A modified correlation coefficient based similarity measure for clustering time-course gene expression data

  • Authors:
  • Young Sook Son;Jangsun Baek

  • Affiliations:
  • Department of Statistics, Chonnam National University, Gwangju 500-757, Republic of Korea;Department of Statistics, Chonnam National University, Gwangju 500-757, Republic of Korea

  • Venue:
  • Pattern Recognition Letters
  • Year:
  • 2008

Quantified Score

Hi-index 0.10

Visualization

Abstract

Gene expression levels are often measured consecutively in time through microarray experiments to detect cellular processes underlying regulatory effects observed and to assign functionality to genes whose function is yet unknown. Clustering methods allow us to group genes that show similar time-course expression profiles and that are thus likely to be co-regulated. The correlation coefficient, the most well-liked similarity measure in the context of gene expression data, is not very reliable in representing the association of two temporal profile patterns.
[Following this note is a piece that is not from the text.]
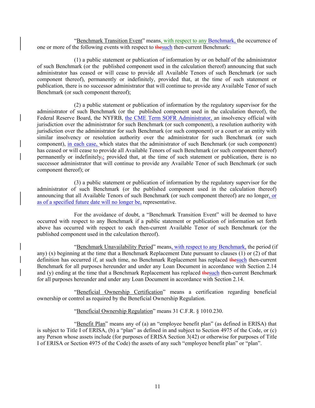 “Benchmark Transition Event” means, with respect to any Benchmark, the occurrence of one or more of the following events with respect to thesuch then-current Benchmark: (1) a public statement or publication of information by or on behalf of the administrator of such Benchmark (or the published component used in the calculation thereof) announcing that such administrator has ceased or will cease to provide all Available Tenors of such Benchmark (or such component thereof), permanently or indefinitely, provided that, at the time of such statement or publication, there is no successor administrator that will continue to provide any Available Tenor of such Benchmark (or such component thereof); (2) a public statement or publication of information by the regulatory supervisor for the administrator of such Benchmark (or the published component used in the calculation thereof), the Federal Reserve Board, the NYFRB, the CME Term SOFR Administrator, an insolvency official with jurisdiction over the administrator for such Benchmark (or such component), a resolution authority with jurisdiction over the administrator for such Benchmark (or such component) or a court or an entity with similar insolvency or resolution authority over the administrator for such Benchmark (or such component), in each case, which states that the administrator of such Benchmark (or such component) has ceased or will cease to provide all Available Tenors of such Benchmark (or such component thereof) permanently or indefinitely,; provided that, at the time of such statement or publication, there is no successor administrator that will continue to provide any Available Tenor of such Benchmark (or such component thereof); or (3) a public statement or publication of information by the regulatory supervisor for the administrator of such Benchmark (or the published component used in the calculation thereof) announcing that all Available Tenors of such Benchmark (or such component thereof) are no longer, or as of a specified future date will no longer be, representative. For the avoidance of doubt, a “Benchmark Transition Event” will be deemed to have occurred with respect to any Benchmark if a public statement or publication of information set forth above has occurred with respect to each then-current Available Tenor of such Benchmark (or the published component used in the calculation thereof). “Benchmark Unavailability Period” means, with respect to any Benchmark, the period (if any) (x) beginning at the time that a Benchmark Replacement Date pursuant to clauses (1) or (2) of that definition has occurred if, at such time, no Benchmark Replacement has replaced thesuch then-current Benchmark for all purposes hereunder and under any Loan Document in accordance with Section 2.14 and (y) ending at the time that a Benchmark Replacement has replaced thesuch then-current Benchmark for all purposes hereunder and under any Loan Document in accordance with Section 2.14. “Beneficial Ownership Certification” means a certification regarding beneficial ownership or control as required by the Beneficial Ownership Regulation. “Beneficial Ownership Regulation” means 31 C.F.R. § 1010.230. “Benefit Plan” means any of (a) an “employee benefit plan” (as defined in ERISA) that is subject to Title I of ERISA, (b) a “plan” as defined in and subject to Section 4975 of the Code, or (c) any Person whose assets include (for purposes of ERISA Section 3(42) or otherwise for purposes of Title I of ERISA or Section 4975 of the Code) the assets of any such “employee benefit plan” or “plan”. 11

Moreover, the clustering methods with the correlation coefficient generate the same clustering result even when the time points are permuted arbitrarily. We propose a new similarity measure for clustering time-course gene expression data. The proposed measure is based on the correlation coefficient and the two indices representing the concordance of temporal profile patterns and that of the time points at which maximum and minimum expression levels are measured between two profiles, respectively. We applied the hierarchical clustering method with the proposed similarity measure to both synthetic and breast cancer cell line data. We observed favorable results compared to the correlation coefficient based method. The proposed similarity measure is simple to implement, and it is much more consistent for clustering than the correlation coefficient based method according to the cross-validation criterion.